Records from a data collection

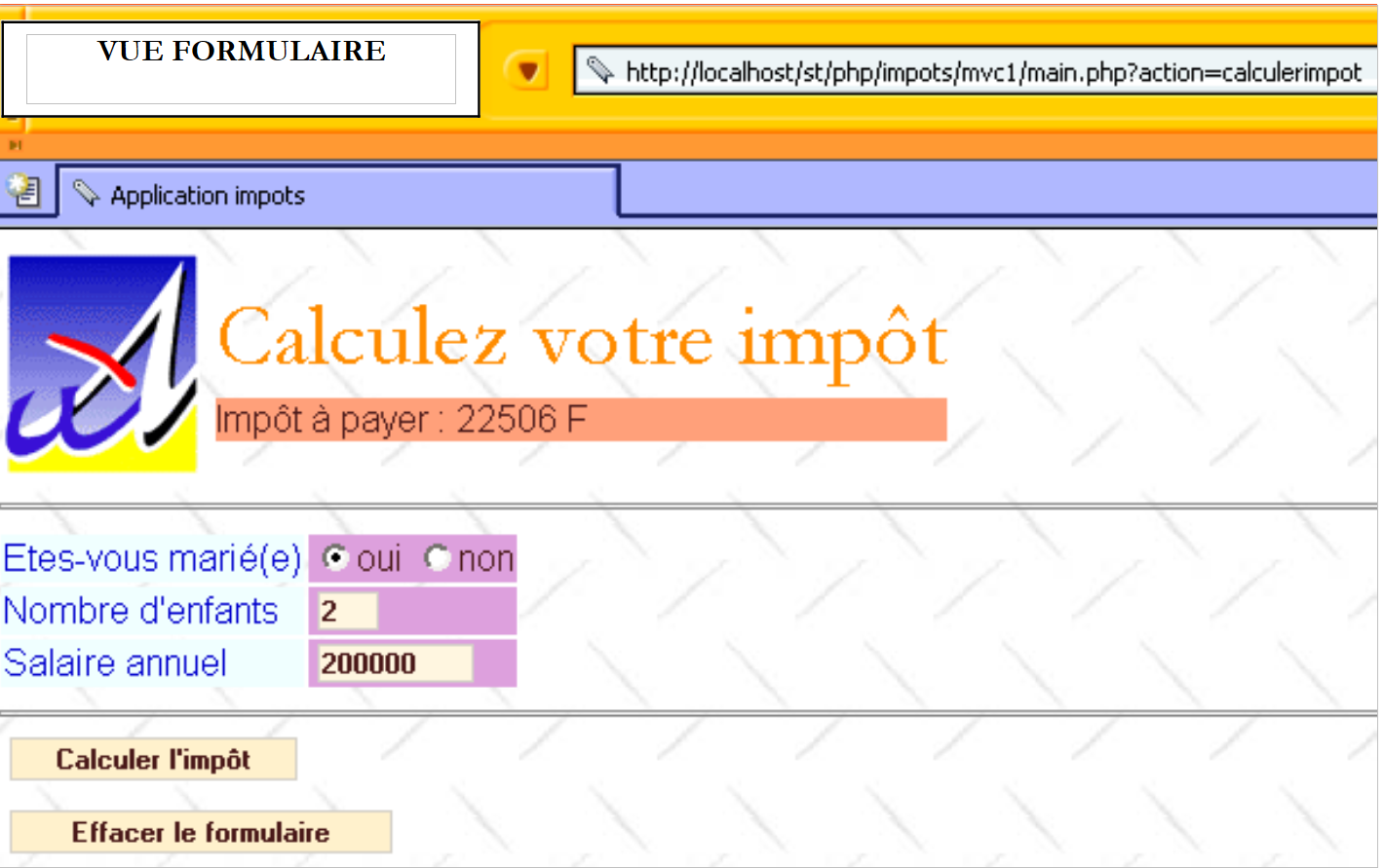 - impots-calcul.php est la classe métier permettant le calcul de l'impôt
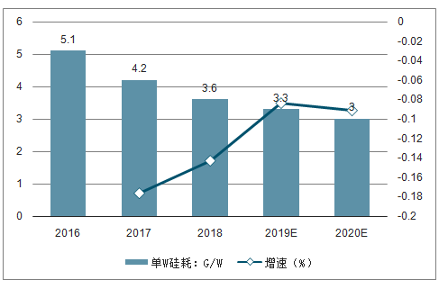 单晶比例上升,电池效率提升,以及切割线损降低(未来薄片化趋势)等因素联合作用,单W硅耗持续降低,单晶PERC电池硅耗今年已经降至3.3g/W以下。基于单W硅耗趋势判断,18-20年多晶硅全球产量预计分别为34.2、39.6、45.0万吨。
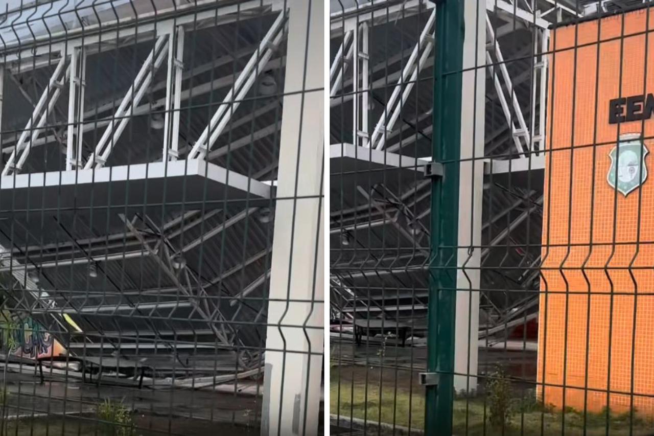 A estrutura da cobertura do teto que fica na entrada da Escola de Ensino Médio em Tempo Integral (EEMTI) Estado de Alagoas, na Barra do Ceará, em Fortaleza, desabou na manhã desta segunda-feira (18). A queda ocorreu por volta das 5h40, antes das atividades da instituição começarem, e em meio à forte chuva que caiu na Capital.
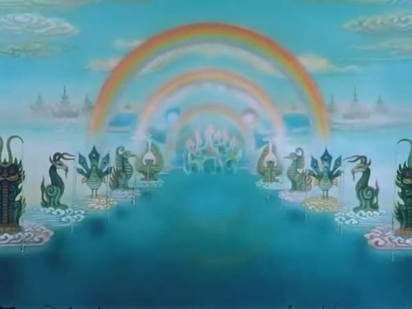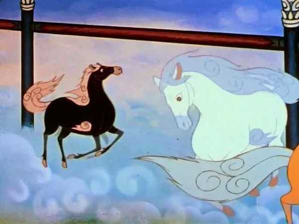 1981 年的《九色鹿》,改编自佛教故事的《鹿王本生》。故事的核心是九色鹿的牺牲精神和佛教的善恶报应论,表现形式则取材于敦煌壁画。
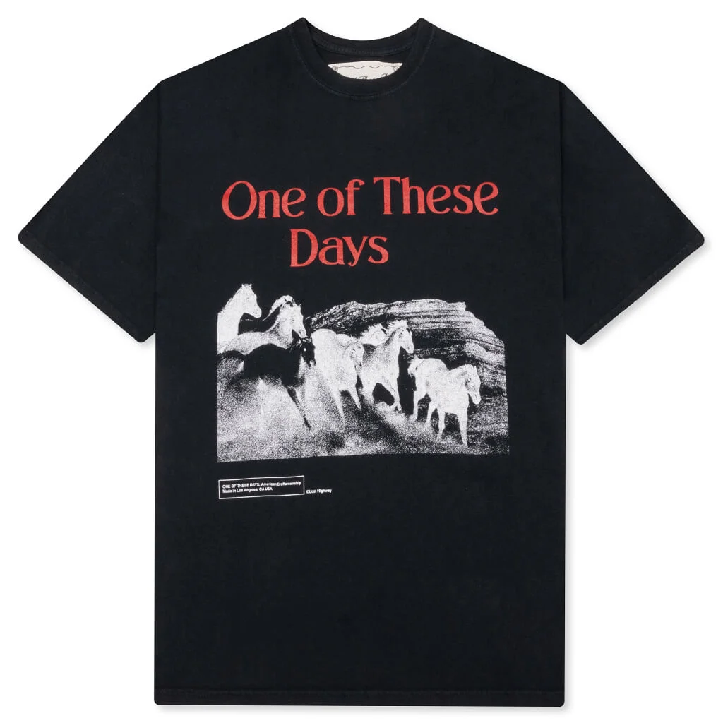 One of These Days, known for its Western-inspired apparel, introduces the Glad You're Here With Me T-Shirt. Crafted from cotton, this tee is pre-shrunk and features a vintage wash finish. Designed with a classic crew neckline, Western-style screen-printed graphics are showcased across the front. 02C 04 067 - 100% Cotton - Regular fit - Pre-shrunk - Crew neckline - Ribbed collar - Screen-printed graphics - Vintage wash finish - Style No: 02C-04-067-WBLK
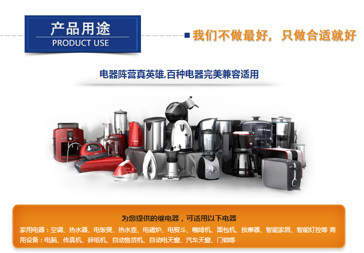 小家電繼電器用途:電熱器、PCB控制板、電磁爐、自動(dòng)售貨機(jī)、電飯鍋、面包機(jī)、智能控制等
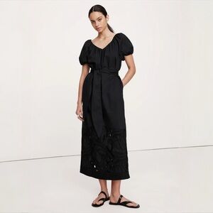 NWT Banana Republic Embroidered Cotton Poplin Ruched Midi Dress
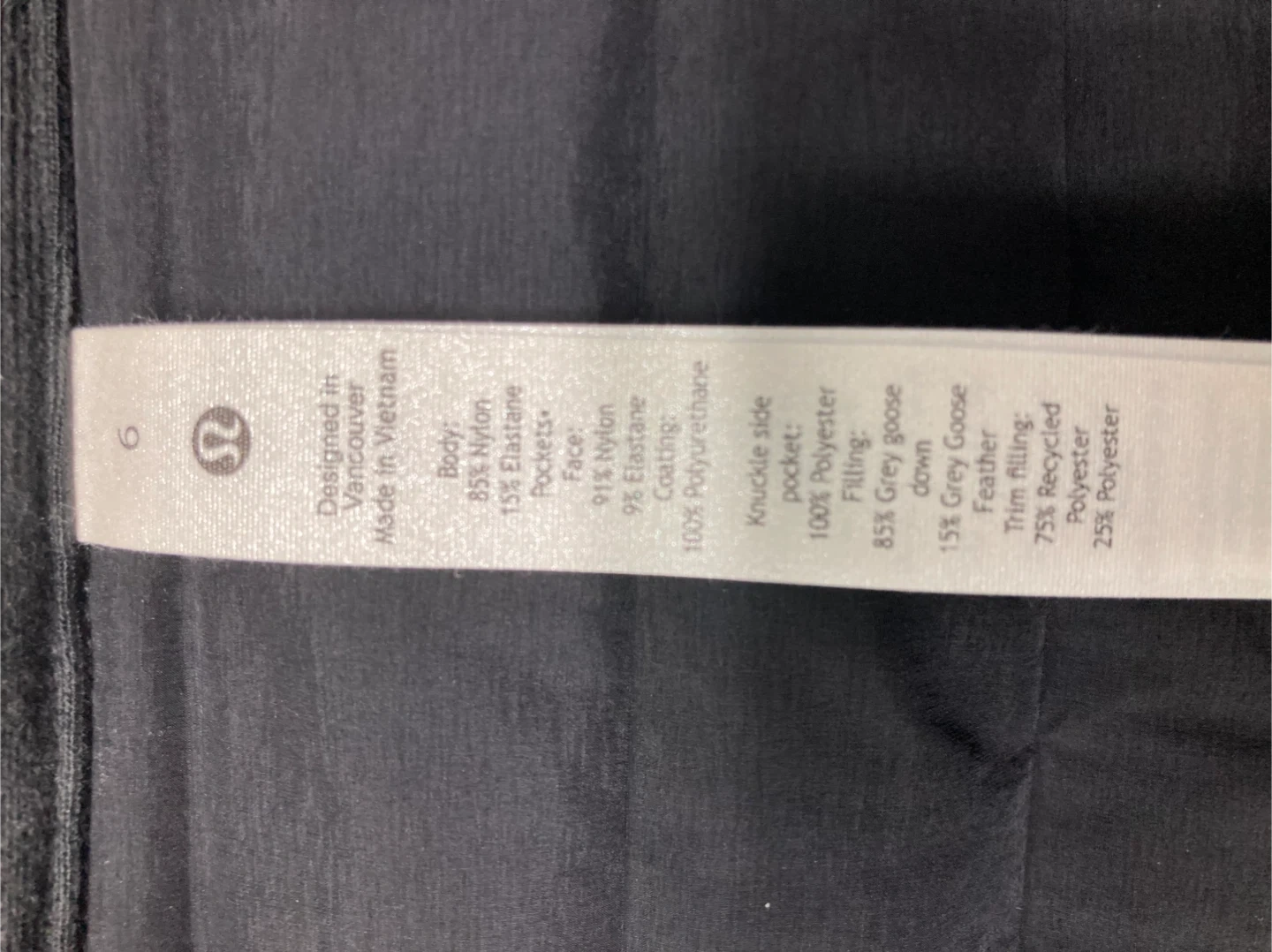 This Lululemon puffer jacket is black and comes with a detachable hood. It's made with a nylon body and polyester filling for warmth. The jacket has a cozy shawl collar detail and is size 6. This puffer is perfect for cool Canadian weather!
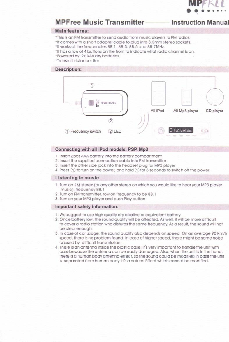 Teleway TMP3FT2 FM TRANSMITTER User Manual 2
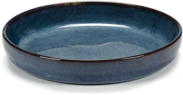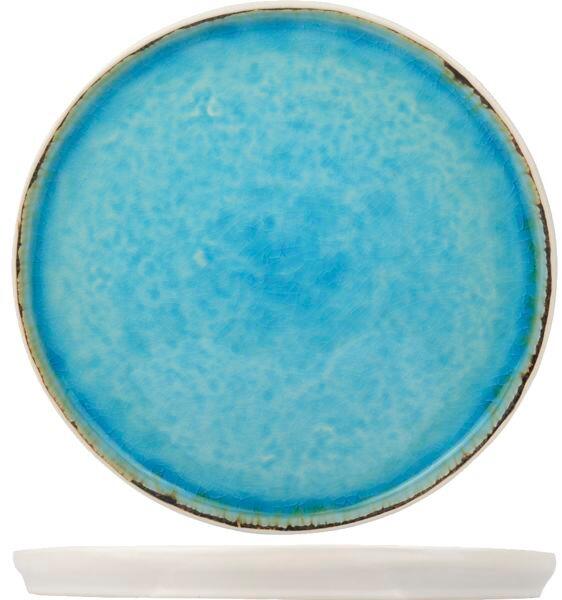 Kerámia sekély tányér 21,5 cm átmérővel. A belső része kék, a külső fehér. A zománcnak köszönhetően a tányér szépen csillog. Edények különleges retró stílusú kollekciója nem szabályos formákkal.
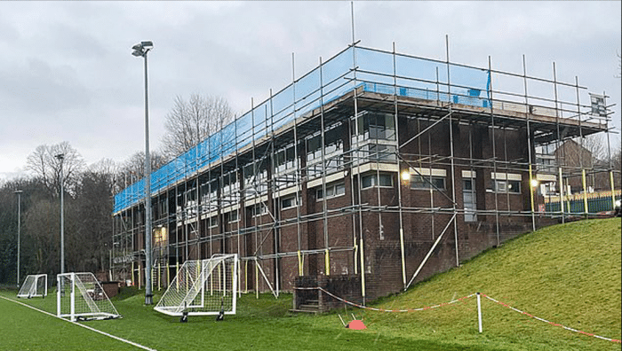 英媒披露,克里夫训练场巨大的室内学校仍在使用,室外的球场也是如此。但看起来像牛棚,脚手架围绕着四周。在主入口处,有一扇窗户有一条大裂缝,经典的红砖头墙上布满了涂鸦。
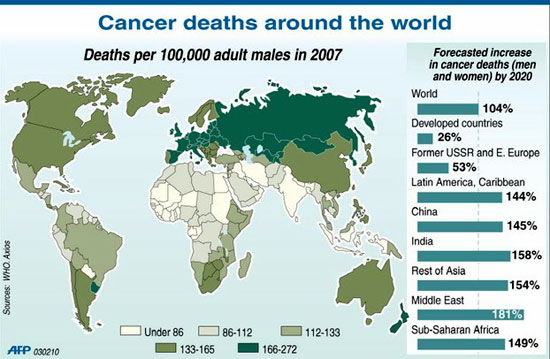 Theo WHO, mỗi năm có 12,7 triệu người được chẩn đoán mắc bệnh ung thư và 7,6 triệu người chết vì căn bệnh này. Trong một so sánh tổng thể, cứ 4 người chết thì có 1 chết vì bệnh có bướu. Nam giới thường mắc bệnh ung thư phổi và phế quản và ung thư tuyến tiền liệt, còn ở nữ giới ung thư vú là nguyên nhân gây tử vong nhiều nhất, tiếp theo là ung thư phổi và phế quản ngày càng gia tăng. Các chuyên gia ước tính đến năm 2030, mỗi năm có khoảng 26 triệu người được chẩn đoán mắc bệnh ung thư trên toàn thế giới và 17 triệu người sẽ chết vì nó. Những việc phòng ngừa đúng cách và sống lành mạnh có thể giảm một phần ba những trường hợp mắc bệnh, một phần ba nữa có thể giảm qua việc thường xuyên kiểm tra sức khỏe và xét nghiệm sàng lọc sớm. Vào Ngày ung thư thế giới năm 2010, người đoạt giải Nobel về y học Harald zur Hausen khởi xướng việc nâng cao ý thức của người dân toàn cầu và đề nghị cha mẹ và ông bà trên thế giới nên nêu gương sống lành mạnh cho trẻ em và các cháu sẽ góp phần đáng kể vào việc mà bạn và con bạn được khỏe mạnh. Ai sống phóng túng, nguy hiểm, không những chỉ gây hại cho sức khỏe của chính mình mà còn cả con trẻ của mình, sự thay đổi lối sống lâu dài là có thể ngăn chặn khoảng một nửa trong số tất cả các bệnh ung thư.
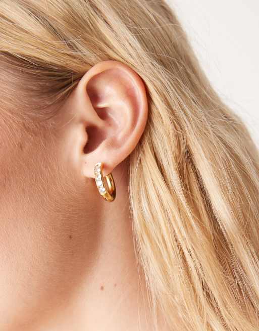 Lost Souls stainless steel 18kt gold plated huggie hoop earrings with embedded crystals
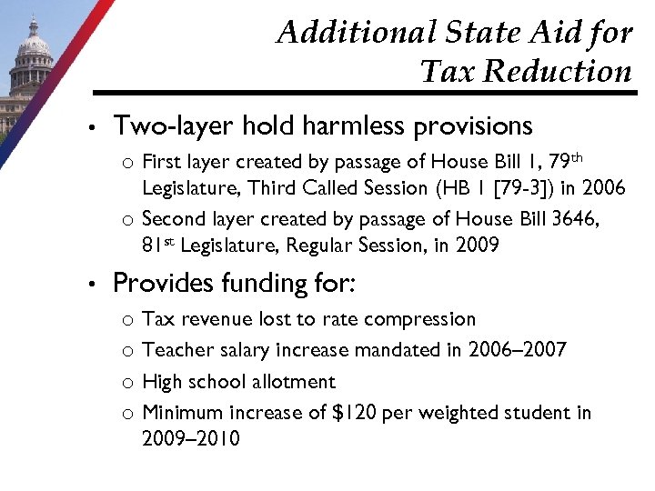 Additional State Aid for Tax Reduction • Two-layer hold harmless provisions o First layer created by passage of House Bill 1, 79 th Legislature, Third Called Session (HB 1 [79 -3]) in 2006 o Second layer created by passage of House Bill 3646, 81 st Legislature, Regular Session, in 2009 • Provides funding for: o o Tax revenue lost to rate compression Teacher salary increase mandated in 2006– 2007 High school allotment Minimum increase of $120 per weighted student in 2009– 2010
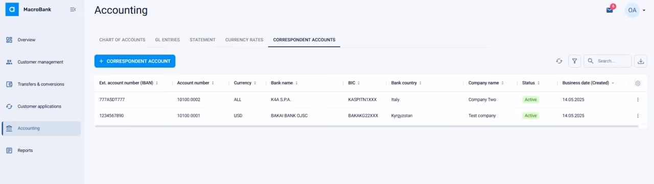 Unlike most core banking platforms, Macrobank includes a built-in financial accounting module as standard. This means firms run their full general ledger, track financial positions in real time, and maintain audit-ready reconciliation records in the same system they use to manage customer accounts and process payments — with no third-party accounting integration required.
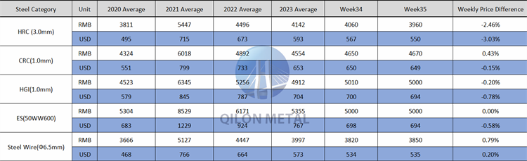 Carbon Steel price on the week 34th, 2023
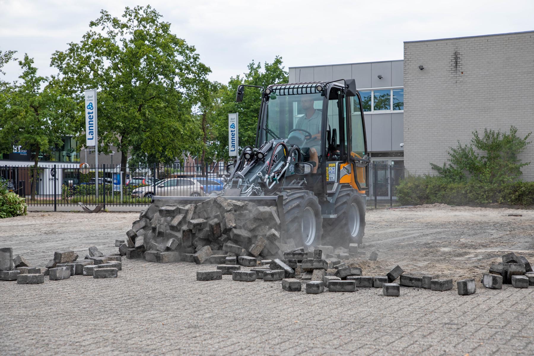De riekbak is speciaal ontwikkeld voor het verwijderen van straatwerk. Dankzij de unieke vorm met afgeronde randen en lage zijwanden kunnen stenen en tegels soepel in de bak rollen, zodat een groot oppervlak straatwerk in één beweging kan worden verwijderd. Het brede mes aan de voorzijde zorgt ervoor dat een strakke ondergrond wordt achtergelaten, wat ideaal is voor het opnieuw bestraten van wegen of pleinen.
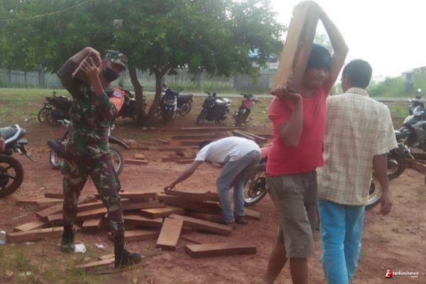 Babinsa Kendawangan Bersama Warga Gotong Royong Pembangunan Masjid Nurul Khoir
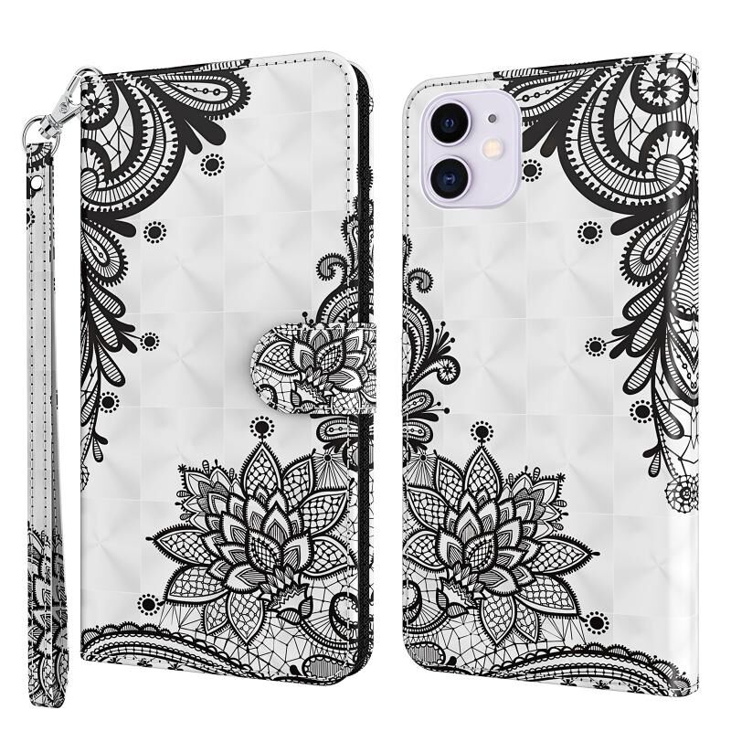 For iPhone 13 Pro 3D Painting Pattern Horizontal Flip TPU + PU Leather Case with Holder & Card Slots & Wallet (Diagonal Black Flower)
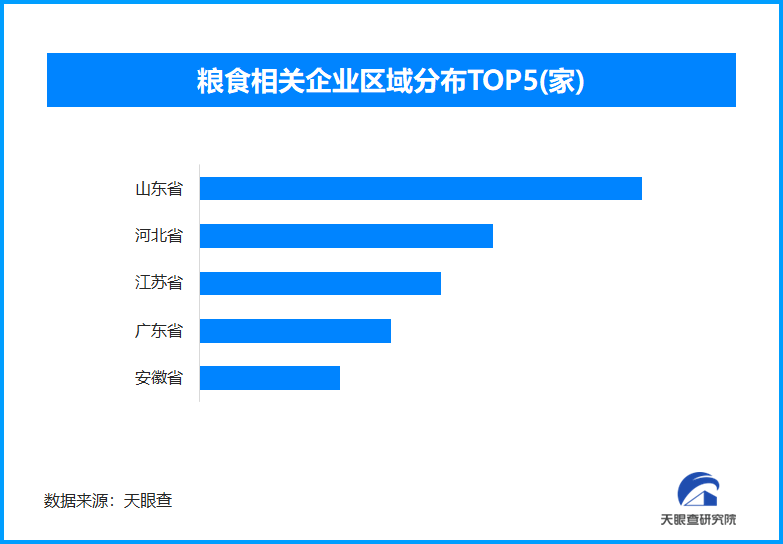 从区域分布来看,山东省、河北省、江苏省粮食相关企业数量位居前列,分别为超过4.2万余家、2.7万余家和2.3万余家。

→ **What is needed**
Please print each entry exactly as it stands, without the pictures.

→ **Finished task**
 - impots-calcul.php est la classe métier permettant le calcul de l'impôt
 单晶比例上升,电池效率提升,以及切割线损降低(未来薄片化趋势)等因素联合作用,单W硅耗持续降低,单晶PERC电池硅耗今年已经降至3.3g/W以下。基于单W硅耗趋势判断,18-20年多晶硅全球产量预计分别为34.2、39.6、45.0万吨。
 A estrutura da cobertura do teto que fica na entrada da Escola de Ensino Médio em Tempo Integral (EEMTI) Estado de Alagoas, na Barra do Ceará, em Fortaleza, desabou na manhã desta segunda-feira (18). A queda ocorreu por volta das 5h40, antes das atividades da instituição começarem, e em meio à forte chuva que caiu na Capital.
 1981 年的《九色鹿》,改编自佛教故事的《鹿王本生》。故事的核心是九色鹿的牺牲精神和佛教的善恶报应论,表现形式则取材于敦煌壁画。
 One of These Days, known for its Western-inspired apparel, introduces the Glad You're Here With Me T-Shirt. Crafted from cotton, this tee is pre-shrunk and features a vintage wash finish. Designed with a classic crew neckline, Western-style screen-printed graphics are showcased across the front. 02C 04 067 - 100% Cotton - Regular fit - Pre-shrunk - Crew neckline - Ribbed collar - Screen-printed graphics - Vintage wash finish - Style No: 02C-04-067-WBLK
 小家電繼電器用途:電熱器、PCB控制板、電磁爐、自動(dòng)售貨機(jī)、電飯鍋、面包機(jī)、智能控制等
 NWT Banana Republic Embroidered Cotton Poplin Ruched Midi Dress
 This Lululemon puffer jacket is black and comes with a detachable hood. It's made with a nylon body and polyester filling for warmth. The jacket has a cozy shawl collar detail and is size 6. This puffer is perfect for cool Canadian weather!
 Teleway TMP3FT2 FM TRANSMITTER User Manual 2
 Kerámia sekély tányér 21,5 cm átmérővel. A belső része kék, a külső fehér. A zománcnak köszönhetően a tányér szépen csillog. Edények különleges retró stílusú kollekciója nem szabályos formákkal.
 英媒披露,克里夫训练场巨大的室内学校仍在使用,室外的球场也是如此。但看起来像牛棚,脚手架围绕着四周。在主入口处,有一扇窗户有一条大裂缝,经典的红砖头墙上布满了涂鸦。
 Theo WHO, mỗi năm có 12,7 triệu người được chẩn đoán mắc bệnh ung thư và 7,6 triệu người chết vì căn bệnh này. Trong một so sánh tổng thể, cứ 4 người chết thì có 1 chết vì bệnh có bướu. Nam giới thường mắc bệnh ung thư phổi và phế quản và ung thư tuyến tiền liệt, còn ở nữ giới ung thư vú là nguyên nhân gây tử vong nhiều nhất, tiếp theo là ung thư phổi và phế quản ngày càng gia tăng. Các chuyên gia ước tính đến năm 2030, mỗi năm có khoảng 26 triệu người được chẩn đoán mắc bệnh ung thư trên toàn thế giới và 17 triệu người sẽ chết vì nó. Những việc phòng ngừa đúng cách và sống lành mạnh có thể giảm một phần ba những trường hợp mắc bệnh, một phần ba nữa có thể giảm qua việc thường xuyên kiểm tra sức khỏe và xét nghiệm sàng lọc sớm. Vào Ngày ung thư thế giới năm 2010, người đoạt giải Nobel về y học Harald zur Hausen khởi xướng việc nâng cao ý thức của người dân toàn cầu và đề nghị cha mẹ và ông bà trên thế giới nên nêu gương sống lành mạnh cho trẻ em và các cháu sẽ góp phần đáng kể vào việc mà bạn và con bạn được khỏe mạnh. Ai sống phóng túng, nguy hiểm, không những chỉ gây hại cho sức khỏe của chính mình mà còn cả con trẻ của mình, sự thay đổi lối sống lâu dài là có thể ngăn chặn khoảng một nửa trong số tất cả các bệnh ung thư.
 Lost Souls stainless steel 18kt gold plated huggie hoop earrings with embedded crystals
 Additional State Aid for Tax Reduction • Two-layer hold harmless provisions o First layer created by passage of House Bill 1, 79 th Legislature, Third Called Session (HB 1 [79 -3]) in 2006 o Second layer created by passage of House Bill 3646, 81 st Legislature, Regular Session, in 2009 • Provides funding for: o o Tax revenue lost to rate compression Teacher salary increase mandated in 2006– 2007 High school allotment Minimum increase of $120 per weighted student in 2009– 2010
 Unlike most core banking platforms, Macrobank includes a built-in financial accounting module as standard. This means firms run their full general ledger, track financial positions in real time, and maintain audit-ready reconciliation records in the same system they use to manage customer accounts and process payments — with no third-party accounting integration required.
 Carbon Steel price on the week 34th, 2023
De riekbak is speciaal ontwikkeld voor het verwijderen van straatwerk. Dankzij de unieke vorm met afgeronde randen en lage zijwanden kunnen stenen en tegels soepel in de bak rollen, zodat een groot oppervlak straatwerk in één beweging kan worden verwijderd. Het brede mes aan de voorzijde zorgt ervoor dat een strakke ondergrond wordt achtergelaten, wat ideaal is voor het opnieuw bestraten van wegen of pleinen.
 Babinsa Kendawangan Bersama Warga Gotong Royong Pembangunan Masjid Nurul Khoir
 For iPhone 13 Pro 3D Painting Pattern Horizontal Flip TPU + PU Leather Case with Holder & Card Slots & Wallet (Diagonal Black Flower)
 从区域分布来看,山东省、河北省、江苏省粮食相关企业数量位居前列,分别为超过4.2万余家、2.7万余家和2.3万余家。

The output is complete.